Komdigi Tekan Operator Seluler Untuk Bangun Jaringan 5G, Pengamat: Perlu Insentif

9 hours ago 8

Selular.ID – Di tengah tekanan beban regulatory charge yang melanda operator seluler, pemerintah ingin adanya percepatan transformasi digital, salah satunya pengembangan dan pemerataan jaringan 5G.

Tentu dengan beban iuran ini, akan menjadi semakin berat di saat operator seluler kembali dituntut untuk membangun infrastruktur 5G.

Ketua Pusat Studi Kebijakan dan Regulasi Telekomunikasi Indonesia STEI ITB, Ian Josef Matheus Edward mengakui pemerintah harus memberikan insetif supaya proyek 5G ini dapat dijalankan operator seluler.

Selain itu, Ian juga mengatakan ada sejumlah solusi supaya tidak memberatkan operator seluler serta pembangunan jaringan 5G tetap dapat berjalan optimal.

Baca juga:

“Salah satu solusinya adalah up front fee (pembayaran sebagian) yang maksimum dua kali sehingga untuk dananya dapat digunakan Capex pembangunan 5G,” ujarnya kepada Selular, Jumat (26/6/2026).

Sebenarnya terkait kebijakan up front fee ini, sambung Ian, sudah dibuatkan pemerintah terkait regulasi pelaksanaanya, sehingga bisa langsung diterapkan.

Tonton juga:

Video Rekomendasi Untuk Anda

“Selain itu, juga ada solusi spectrum sharing yang tentu akan menekan biaya Opex (operator seluler),” sambungnya.

Pita 700 MHz dan 2,6 GHz Harus Segera Dimanfaatkan

Ian juga menyoroti pita frekuensi 700 MHz dan 2,6 GHz yang sudah lama kosong dan tidak digunakan, justru akan menjadi kerugian bagi negara.

Menurutnya lebih bijak jika pita frekuensi tersebut dimanfaatkan tetapi dengan memberikan kelonggaran bagi operator seluler untuk mengeluarkan dana investasi saat mengelolanya.

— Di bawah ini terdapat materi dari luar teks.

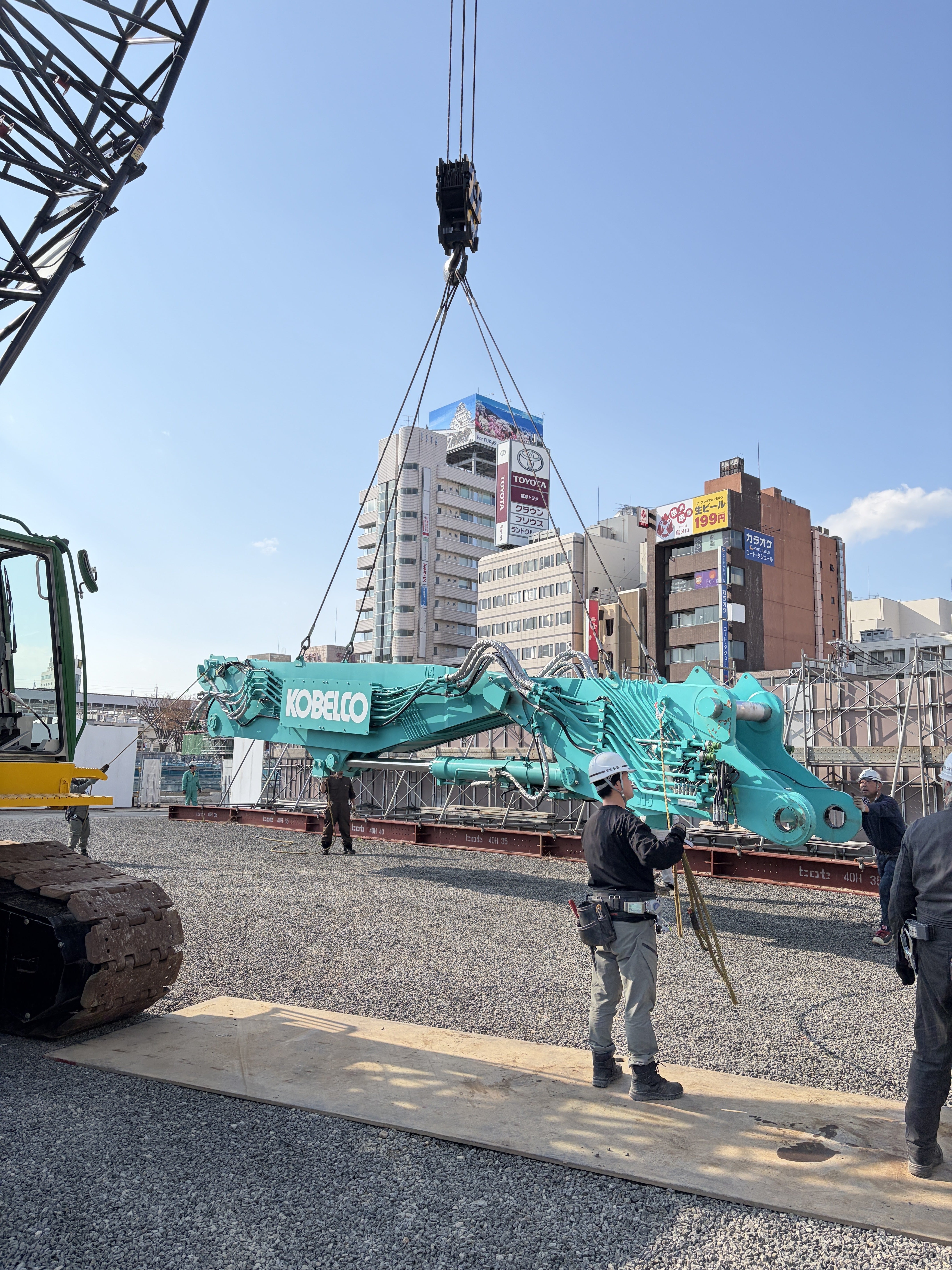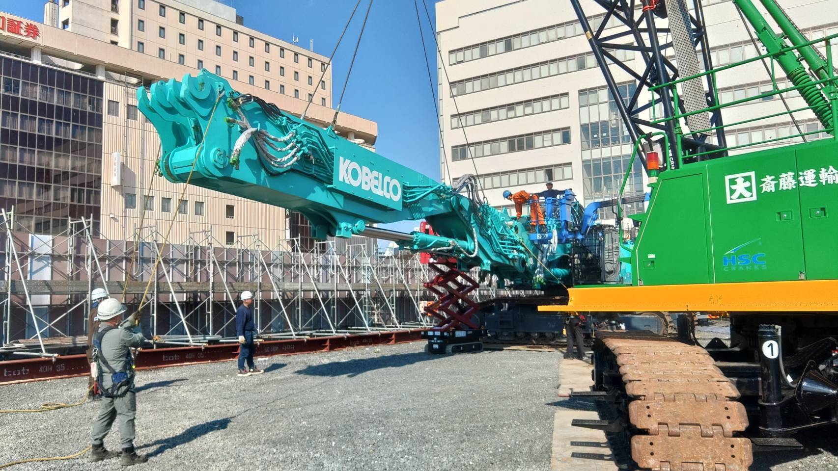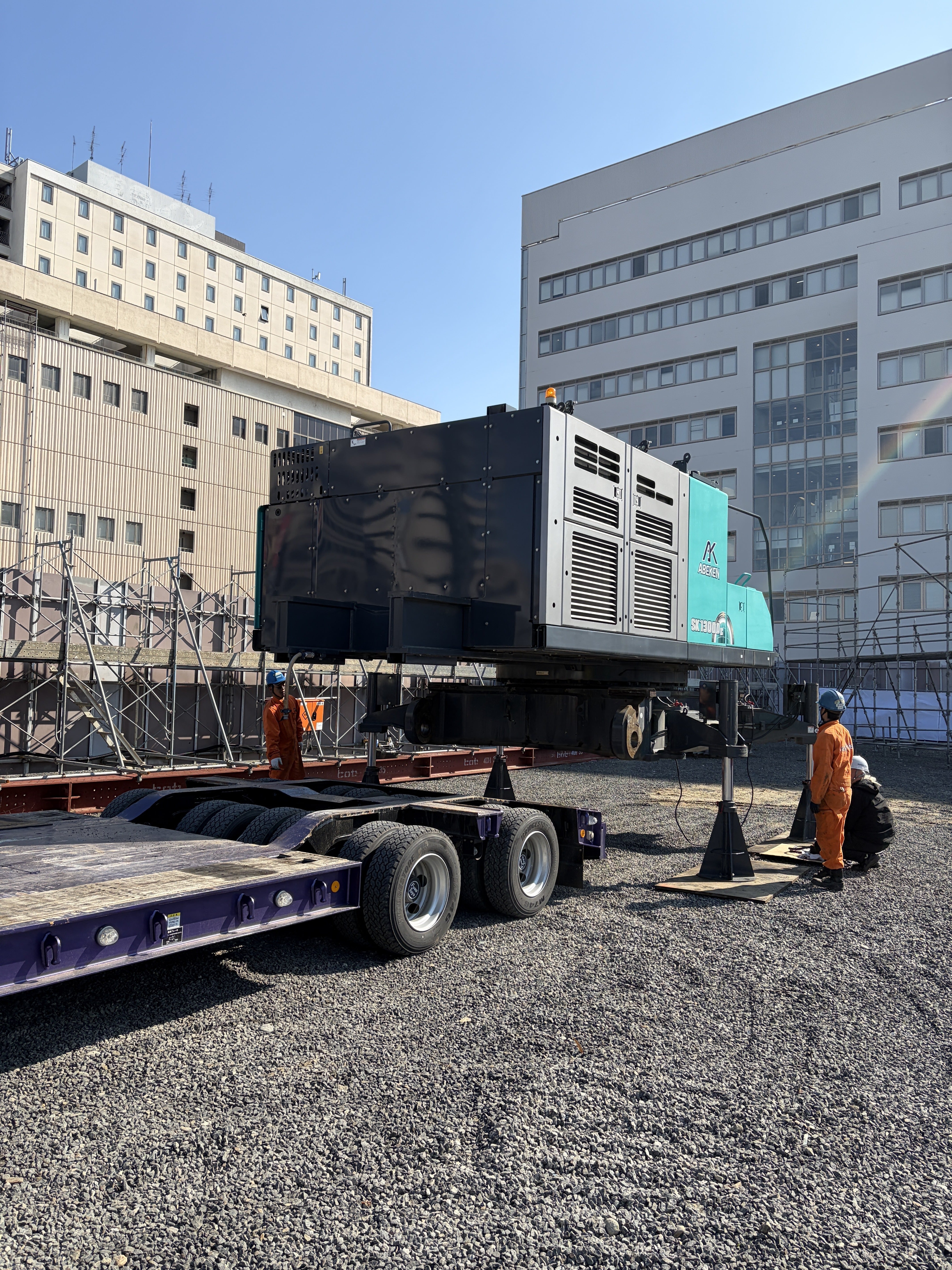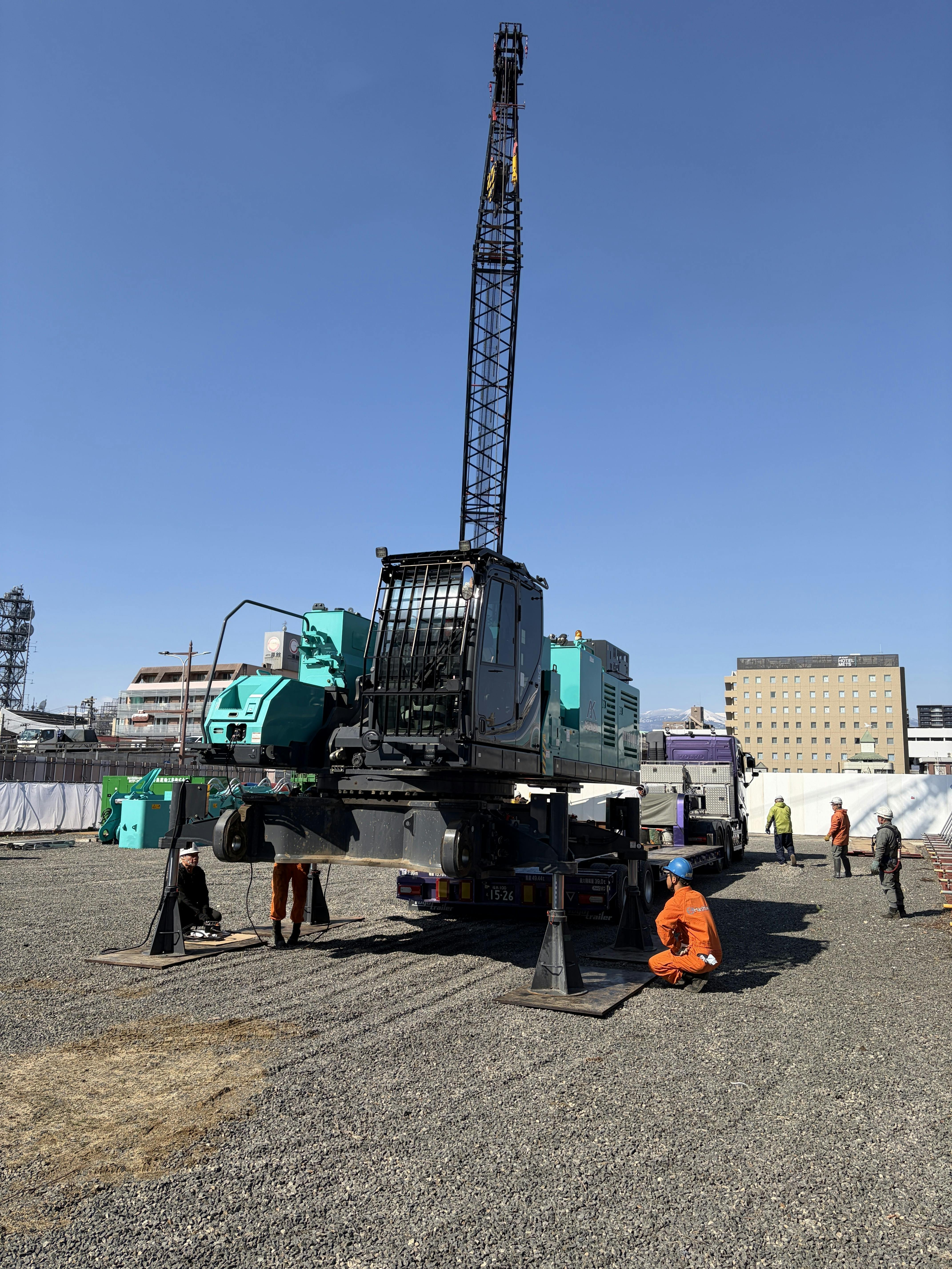 この機械も昨日のクレーンに引き続き、総重量100トンを超える大型重機です!!今回の全高は、なんと35m!!通常のビルなら11階~12階に相当する高さです!!

“Tentu 700 MHz dan 2,6 GHz yang sudah kosong tidak dilelang ada pemasukan negara yangg tidak terwujud dan yang paling besar adalah tidak termanfaatkan utk kemakmuran masyarakat,” ungkapnya.

Di sisi lain dengan adanya teknologi 5G dan AI yang bisa operator seluler manfaatkan, maka ada sejumlah efisiensi yang bisa dilakukan.

“Tentu ada efisiensi bisnis karena dengan 5G dan AI untuk data yang digunakan, analisis dan pengambilan keputusan akan lebih cepat dan murah,” jelasnya.

“Pengeluaran perusahaan akan menurun lebih besar dibandingkan investasi infrastruktur; serta ada bisnis baru seperti X as A Service (contoh GPU as A Service),” sambungnya.

Dampak ke Masyarakat

Ian juga menyoroti adanya pemanfaatan jaringan 5G hasil dari pita frekuensi 700 MHz dan 2,6 GHz serta teknologi kecerdasan buatan atau AI tentu memiliki dampak ke masyarakat.

Menurutnya, perlu sinergi dari semua elemen supaya jaringan 5G ini dirasakan setiap masyarakat di Indonesia, baik yang ada di perkotaan bahkan hingga daerah 3T.

Jika hal tersebut dapat teralisasi maka ada sejumlah dampak positif yang dapat dirasakan oleh masyarakat.

“Yang pertama tentu kesenjangan teknologi akan semakin mengecil. Lalu kedua, optimal dalam hal biaya dan waktu utk semua pelaku masyarakat,” tandasnya.